* **Work item**
Please return only the lines from the one with "Dellbrück Lärm nachts" through the final line of the data, unchanged, with pictures omitted.

* **Records provided**

'''

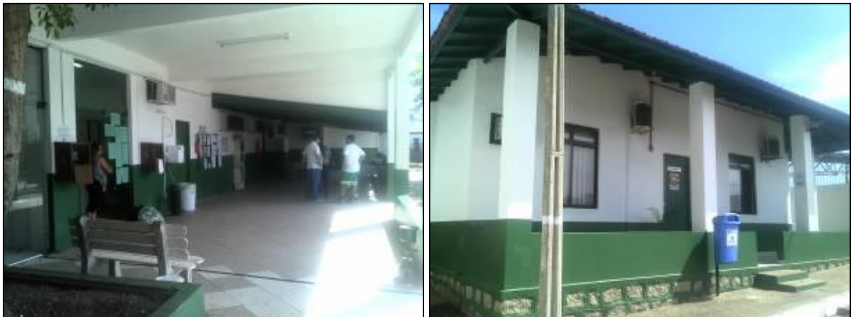
Figura 3: Refeitório e local de treinamento dos funcionários
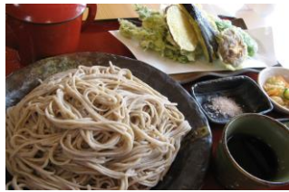
青木村特産 タチアカネ使用 天ざるそば 1250円
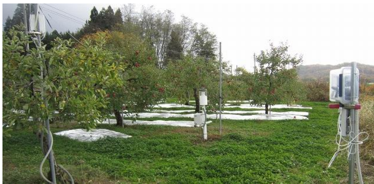
図3 農地の写真（紫波町）
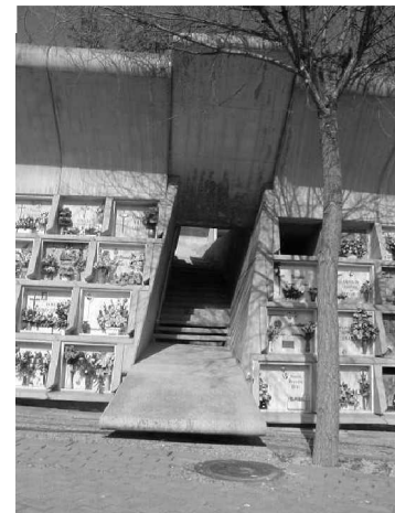
Foto 11,12,13 y 14: Las escaleras que comunican los diferentes niveles del cementerio están cargados de diversos signos; la tumba violada, el descenso a la tierra, el regreso a la vida, la resurrección, el puente entre la vida y al muerte. Sin duda es uno de los puntos más dramáticos de todo el recorrido que evoca a la naturaleza en su concepción más amplia, a la existencia misma.
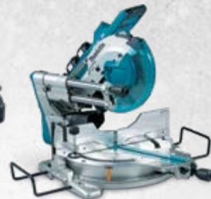
DLS111U Pila za rezanje pod kutom
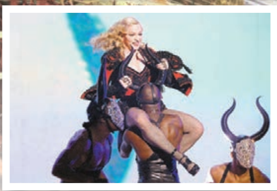
■ 麥當娜跳上男舞蹈員身上，表現狂野。
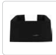
Base para montaje vertical
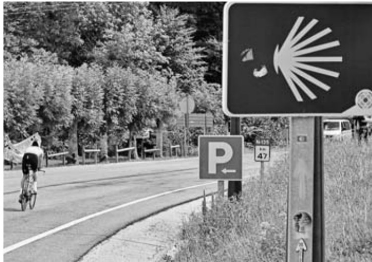
Roncesvalles, punto de unión con la ruta procedente de Francia.

La agencia navarra del territorio y la sostenibilidad Lursarea, integrada en la sociedad pública Nasuvinsa, trabajará durante los próximos dos años en el diseño y desarrollo de este proyecto, diseñado junto a otros seis socios europeos, para crear un tramo ciclado que unirá Logroño, Pam-
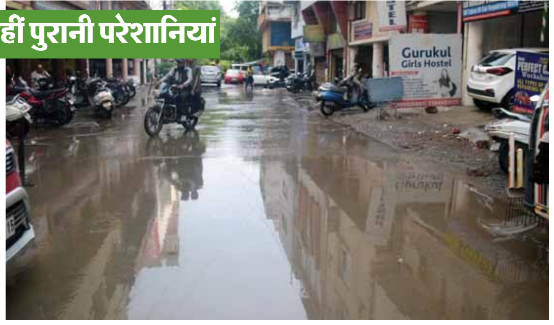
भोपाल। शहर में हुई बारिश के बाद सड़कों पर पानी भरा है। जिससे लोगों को आवागमन में परेशानी हो रही है।
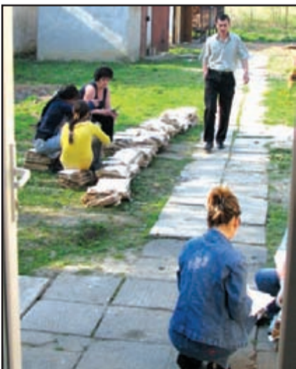
Arhiva Primăriei scoasă la aerisit...
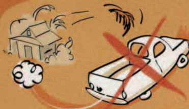
Ne pas s'eloigner de la maison Eiaha e faatea i to outou fare
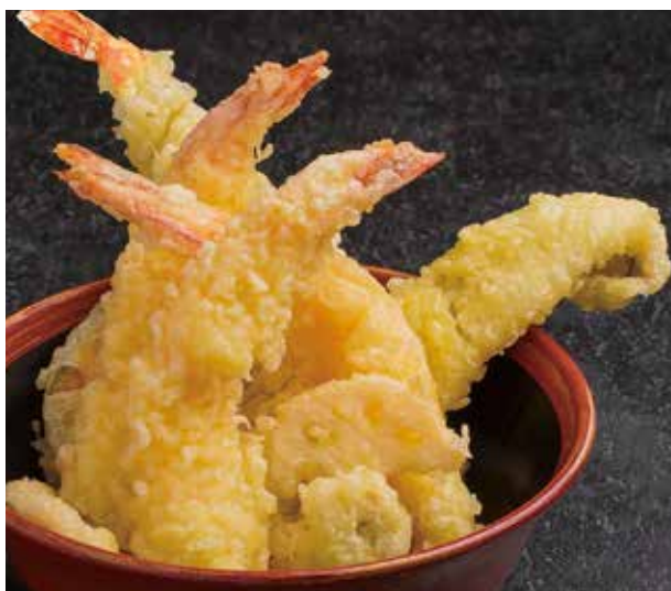
特大海老と穴子天丼

[ライスは 大/中/小 より選べます] You can decide whether you want a small, medium, or large serving of rice.
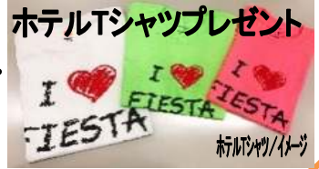
ホテルTシャツプレゼント
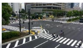
深川五中前横断歩道新設
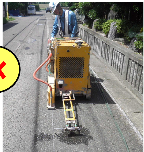
【吸引装置付の機械による切断状況】
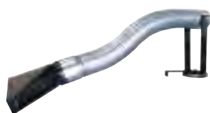
Cappetta aspirante con flessibile e supporto magnetico Suction hood with flex and magnetic support
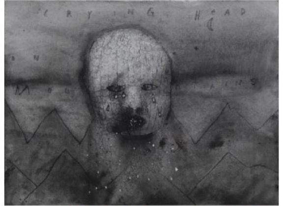
【CRYING HEAD ON MOUNTAINS】 2012年 watercolor on paper 24.13cm×31.75cm
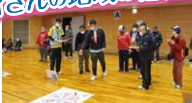
令和3年12月4日 福知山障害児(者)親の会 スポーツレクリエーション交流会
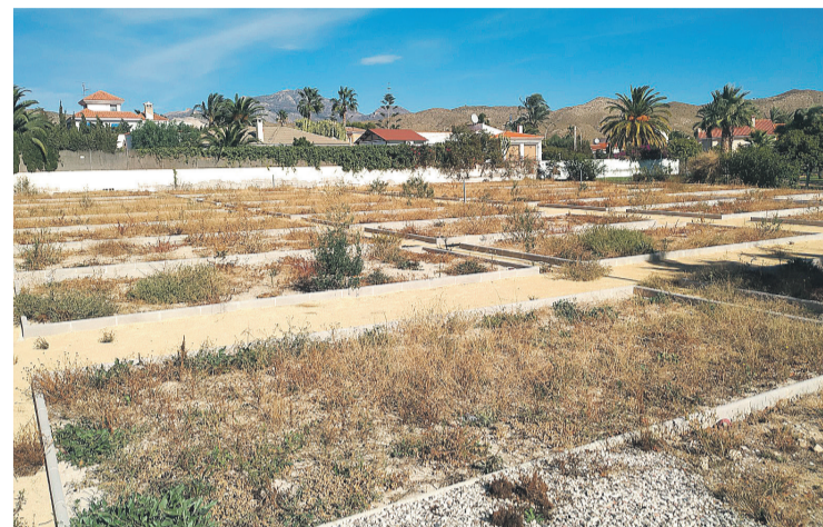
Parcelas dedicadas al huerto urbano de El Campello

proyecto y por tanto contará con nuestro apoyo. Además pensamos que para aquellas personas que se adentren por primera vez en el mundo de la plantación y recolección, sería interesante que recibiesen algún asesoramiento o formación, cuestión que solicitaremos al ayuntamiento que estudie la propuesta".
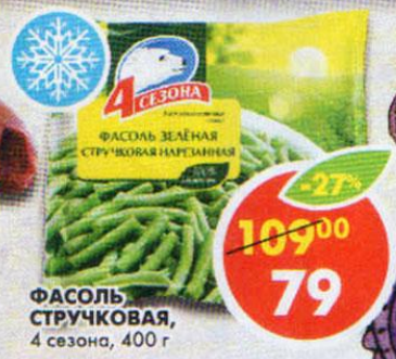
ФАСОЛЬ СТРУЧКОВАЯ, 4 сезона, 400 г
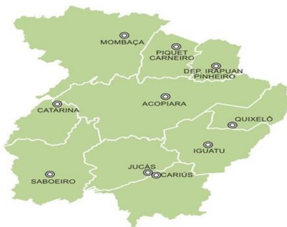
FIGURA 3- Localização e Composição da 18a Região de Saúde do Município de Iguatu. Estado do Ceará, 2017.
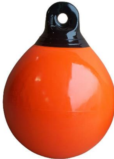
Figure 2: Bouée Deck Edge de 18 pouces
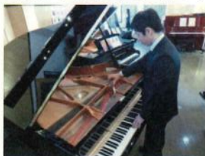
当店調律師による調律風景

また、物語の中で色々なピアノが出てきますが、若干名前を変えてあるものもあります。「アマギ」というピアノはおそらく「ヤ〇ハ」です(笑)。そしてこのアマギの調律師さんが登場するのですが、
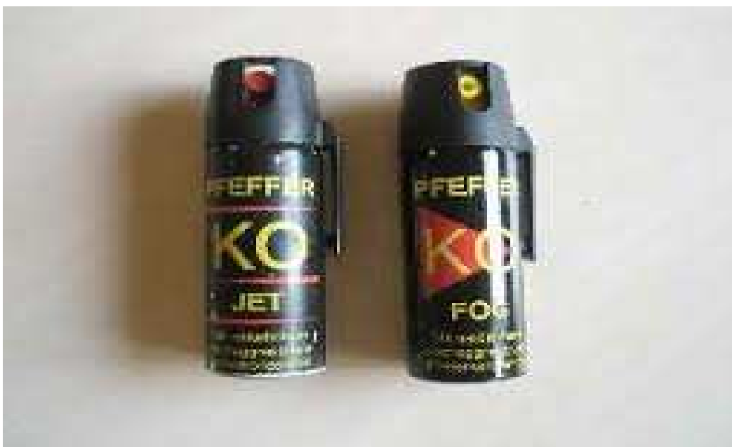
Obrázek 3: Slzotvorné spreje KO JET (tekutá střela) a KO FOG (mlha)
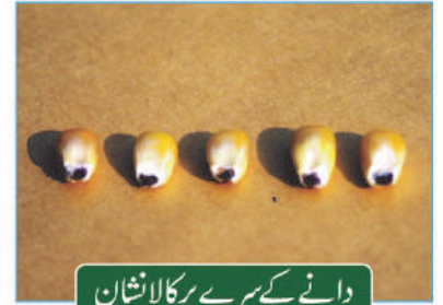
دانے کے سرے پر کالا نشان

نوٹ: کھیتی صرف بیج کے آگے اور خالص بن کی ضمانت دیتی ہے۔ پیداوار کا انحصار بہت سے قدرتی عوامل پر منحصر ہے اس لئے پیداوار میں کمی بیشی کی کھیتی ذمہ دار نہ ہوگی۔
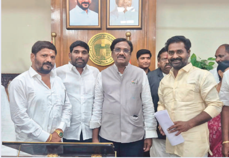
రామచంద్రపురం, ఏప్రిల్ 18 (సిరి న్యూస్):
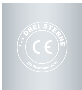
مطابق بارده بندی سه ستاره بختنامه بهره‌وری
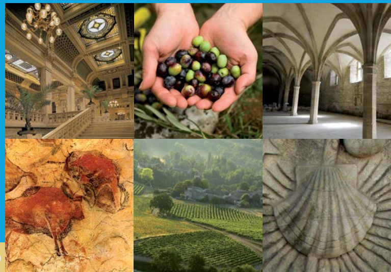
JUNE 2019

ევროპის საბჭო არის ადამიანის უფლებათა დაცვის წამყვანი ორგანიზაცია. მასში გაწევრიანებულია 47 ქვეყანა, რომელთაგან 28 ევროკავშირის წევრია. ევროპის საბჭოს ყველა წევრმა სახელმწიფომ ხელი მოაწერა ადამიანის უფლებათა ევროპული კონვენციას, რომელიც შეიქმნა ადამიანის უფლებების, დემოკრატიისა და კანონის უზენაესობის დაცვის მიზნით. ადამიანის უფლებათა ევროპული სასამართლო ზედამხედველობს წევრი სახელმწიფოების მიერ კონვენციის განხორციელებას.
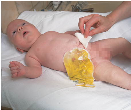
Nach dem Trocknen beginnen Sie mit dem Ablösen der alten Versorgung.

Die Passage des Stuhlgangs ist unterbrochen durch einen Darmteil, der noch nicht ausgereift ist.
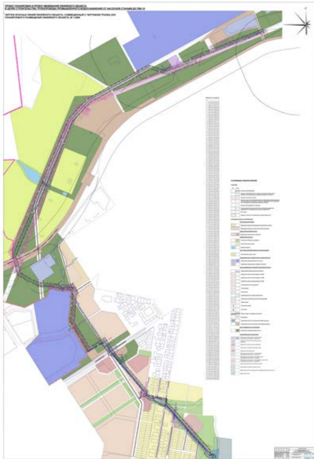
Карты в высоком разрешении размещены на официальном сайте Верхнесалдинского городского округа http://www.v-salda.ru
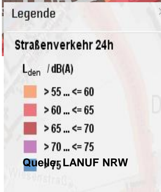
Dellbrück Lärm nachts
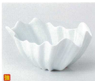
ア036-17 青白磁シャコ貝鉢 17.5×13×9cm

'''

* **Answer section**
Dellbrück Lärm nachts
ア036-17 青白磁シャコ貝鉢 17.5×13×9cm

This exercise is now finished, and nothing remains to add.